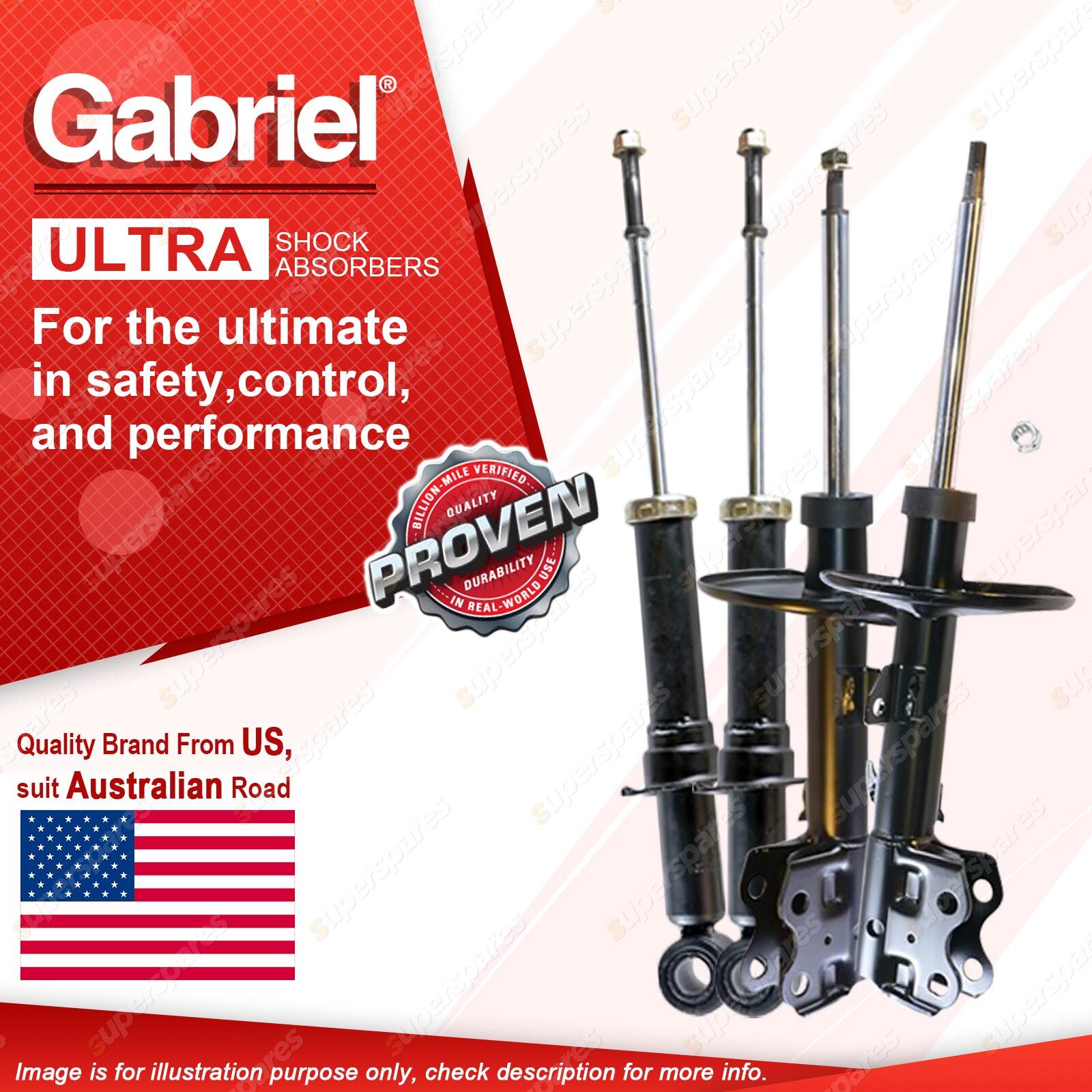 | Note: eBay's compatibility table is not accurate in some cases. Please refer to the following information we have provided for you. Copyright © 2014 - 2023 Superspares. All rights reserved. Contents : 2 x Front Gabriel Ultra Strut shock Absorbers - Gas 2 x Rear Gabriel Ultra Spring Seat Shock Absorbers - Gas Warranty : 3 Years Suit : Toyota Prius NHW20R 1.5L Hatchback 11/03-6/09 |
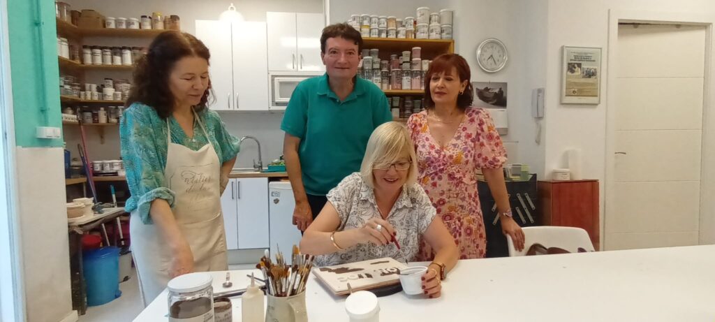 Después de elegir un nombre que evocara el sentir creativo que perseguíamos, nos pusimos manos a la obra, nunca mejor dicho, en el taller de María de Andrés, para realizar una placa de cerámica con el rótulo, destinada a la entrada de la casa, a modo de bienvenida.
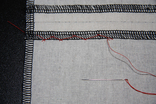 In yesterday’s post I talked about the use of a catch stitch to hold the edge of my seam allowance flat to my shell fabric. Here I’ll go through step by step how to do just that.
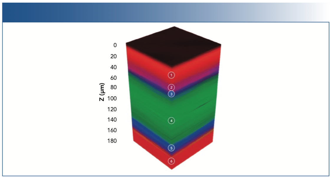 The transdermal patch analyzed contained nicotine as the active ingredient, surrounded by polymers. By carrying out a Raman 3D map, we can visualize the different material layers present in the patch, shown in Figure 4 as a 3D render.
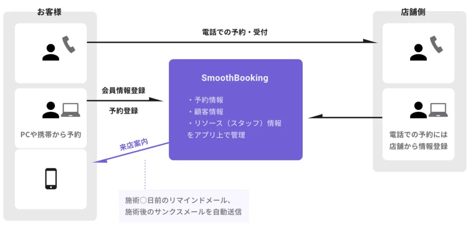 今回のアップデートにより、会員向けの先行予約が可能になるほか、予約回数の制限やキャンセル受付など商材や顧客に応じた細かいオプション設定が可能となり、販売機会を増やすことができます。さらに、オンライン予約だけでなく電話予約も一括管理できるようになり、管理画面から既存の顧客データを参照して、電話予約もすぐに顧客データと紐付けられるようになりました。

========================================================================

What the exercise asks
From the records above, quote word for word only the lines beginning at the line that has "Después de elegir" and stopping after the line that has "In yesterday’s post". Omit the pictures.

Task response
 Después de elegir un nombre que evocara el sentir creativo que perseguíamos, nos pusimos manos a la obra, nunca mejor dicho, en el taller de María de Andrés, para realizar una placa de cerámica con el rótulo, destinada a la entrada de la casa, a modo de bienvenida.
 In yesterday’s post I talked about the use of a catch stitch to hold the edge of my seam allowance flat to my shell fabric. Here I’ll go through step by step how to do just that.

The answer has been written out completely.